Top of Material for this task

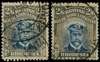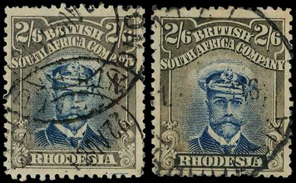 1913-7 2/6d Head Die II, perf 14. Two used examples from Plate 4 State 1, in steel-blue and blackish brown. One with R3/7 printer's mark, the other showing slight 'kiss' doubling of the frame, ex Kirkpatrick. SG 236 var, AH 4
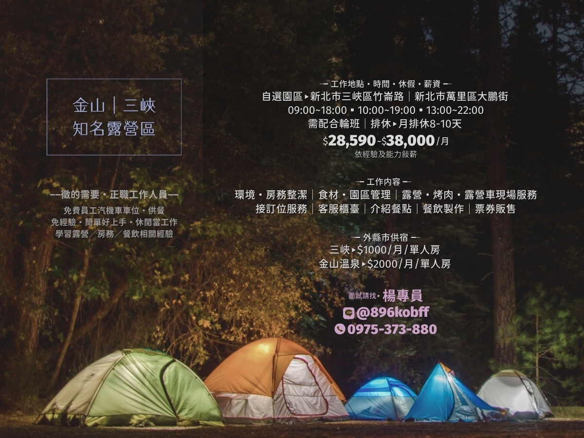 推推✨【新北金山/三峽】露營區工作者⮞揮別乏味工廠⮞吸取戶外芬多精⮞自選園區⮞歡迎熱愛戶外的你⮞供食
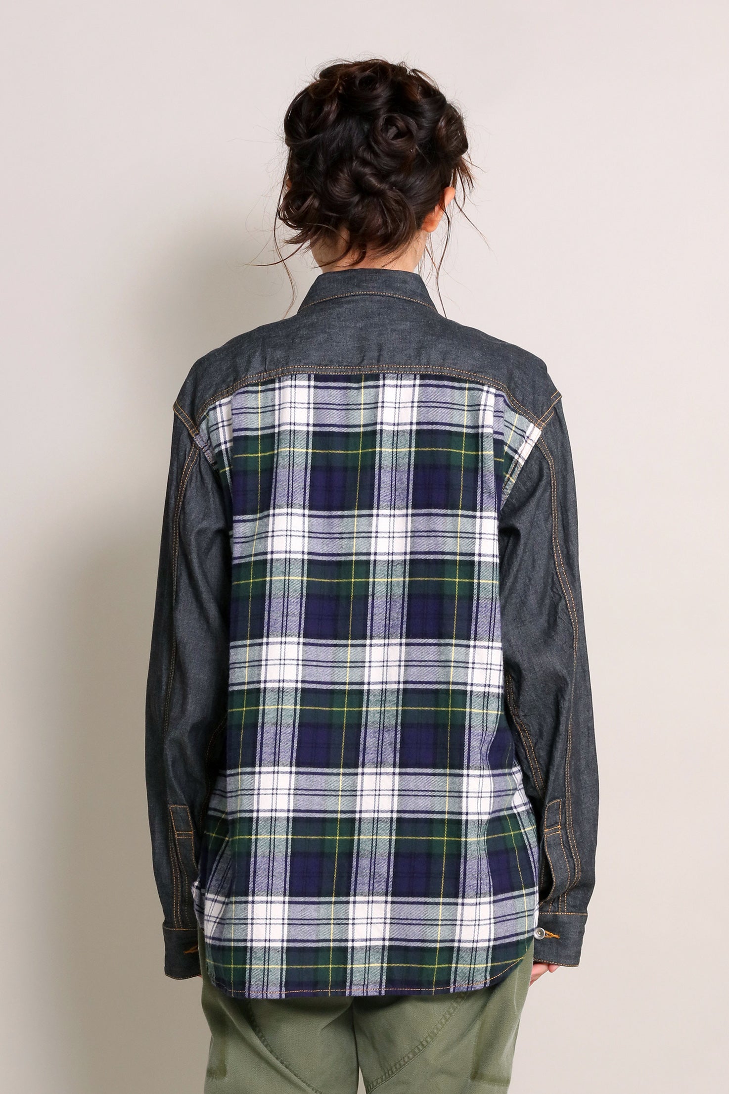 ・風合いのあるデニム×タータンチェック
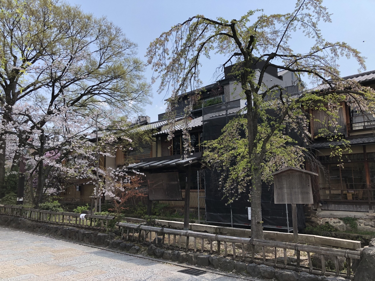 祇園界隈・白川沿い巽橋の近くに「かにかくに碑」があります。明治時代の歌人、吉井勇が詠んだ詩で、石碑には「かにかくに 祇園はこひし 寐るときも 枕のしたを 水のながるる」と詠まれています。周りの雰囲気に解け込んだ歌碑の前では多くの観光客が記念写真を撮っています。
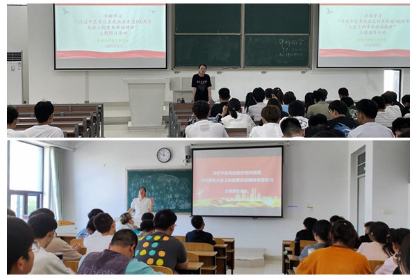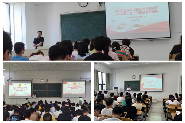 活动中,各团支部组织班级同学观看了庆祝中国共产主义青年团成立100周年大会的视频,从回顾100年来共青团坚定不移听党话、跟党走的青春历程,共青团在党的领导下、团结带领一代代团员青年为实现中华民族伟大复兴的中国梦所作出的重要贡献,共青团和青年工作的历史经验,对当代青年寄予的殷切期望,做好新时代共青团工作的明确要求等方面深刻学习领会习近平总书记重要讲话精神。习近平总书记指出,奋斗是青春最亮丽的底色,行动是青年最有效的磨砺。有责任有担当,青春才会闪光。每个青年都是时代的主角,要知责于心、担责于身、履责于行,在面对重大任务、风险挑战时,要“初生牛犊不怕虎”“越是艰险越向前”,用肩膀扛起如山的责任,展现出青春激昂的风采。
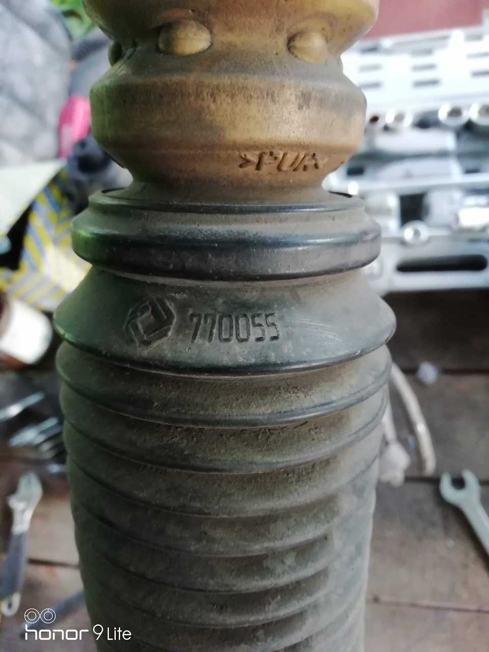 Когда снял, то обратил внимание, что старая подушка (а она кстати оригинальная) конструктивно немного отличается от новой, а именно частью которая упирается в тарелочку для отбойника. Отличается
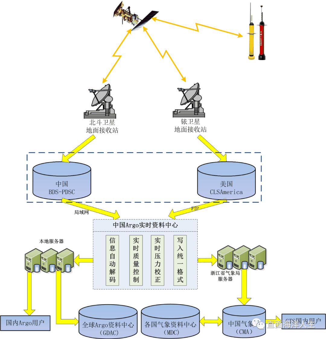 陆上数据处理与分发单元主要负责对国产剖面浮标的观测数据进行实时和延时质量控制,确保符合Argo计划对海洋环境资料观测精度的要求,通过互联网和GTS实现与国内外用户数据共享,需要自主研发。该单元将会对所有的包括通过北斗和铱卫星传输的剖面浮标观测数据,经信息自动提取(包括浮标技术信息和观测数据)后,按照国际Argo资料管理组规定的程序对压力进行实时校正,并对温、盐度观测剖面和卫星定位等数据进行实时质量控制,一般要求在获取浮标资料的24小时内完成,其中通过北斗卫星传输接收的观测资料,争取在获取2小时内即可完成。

Bottom of Material for this task

Beginning with the line containing "祇園はこひし 寐るときも 枕のしたを" and ending with the last line of the data, output those lines exactly and nothing more. Omit every picture.

 祇園界隈・白川沿い巽橋の近くに「かにかくに碑」があります。明治時代の歌人、吉井勇が詠んだ詩で、石碑には「かにかくに 祇園はこひし 寐るときも 枕のしたを 水のながるる」と詠まれています。周りの雰囲気に解け込んだ歌碑の前では多くの観光客が記念写真を撮っています。
 活动中,各团支部组织班级同学观看了庆祝中国共产主义青年团成立100周年大会的视频,从回顾100年来共青团坚定不移听党话、跟党走的青春历程,共青团在党的领导下、团结带领一代代团员青年为实现中华民族伟大复兴的中国梦所作出的重要贡献,共青团和青年工作的历史经验,对当代青年寄予的殷切期望,做好新时代共青团工作的明确要求等方面深刻学习领会习近平总书记重要讲话精神。习近平总书记指出,奋斗是青春最亮丽的底色,行动是青年最有效的磨砺。有责任有担当,青春才会闪光。每个青年都是时代的主角,要知责于心、担责于身、履责于行,在面对重大任务、风险挑战时,要“初生牛犊不怕虎”“越是艰险越向前”,用肩膀扛起如山的责任,展现出青春激昂的风采。
 Когда снял, то обратил внимание, что старая подушка (а она кстати оригинальная) конструктивно немного отличается от новой, а именно частью которая упирается в тарелочку для отбойника. Отличается
 陆上数据处理与分发单元主要负责对国产剖面浮标的观测数据进行实时和延时质量控制,确保符合Argo计划对海洋环境资料观测精度的要求,通过互联网和GTS实现与国内外用户数据共享,需要自主研发。该单元将会对所有的包括通过北斗和铱卫星传输的剖面浮标观测数据,经信息自动提取(包括浮标技术信息和观测数据)后,按照国际Argo资料管理组规定的程序对压力进行实时校正,并对温、盐度观测剖面和卫星定位等数据进行实时质量控制,一般要求在获取浮标资料的24小时内完成,其中通过北斗卫星传输接收的观测资料,争取在获取2小时内即可完成。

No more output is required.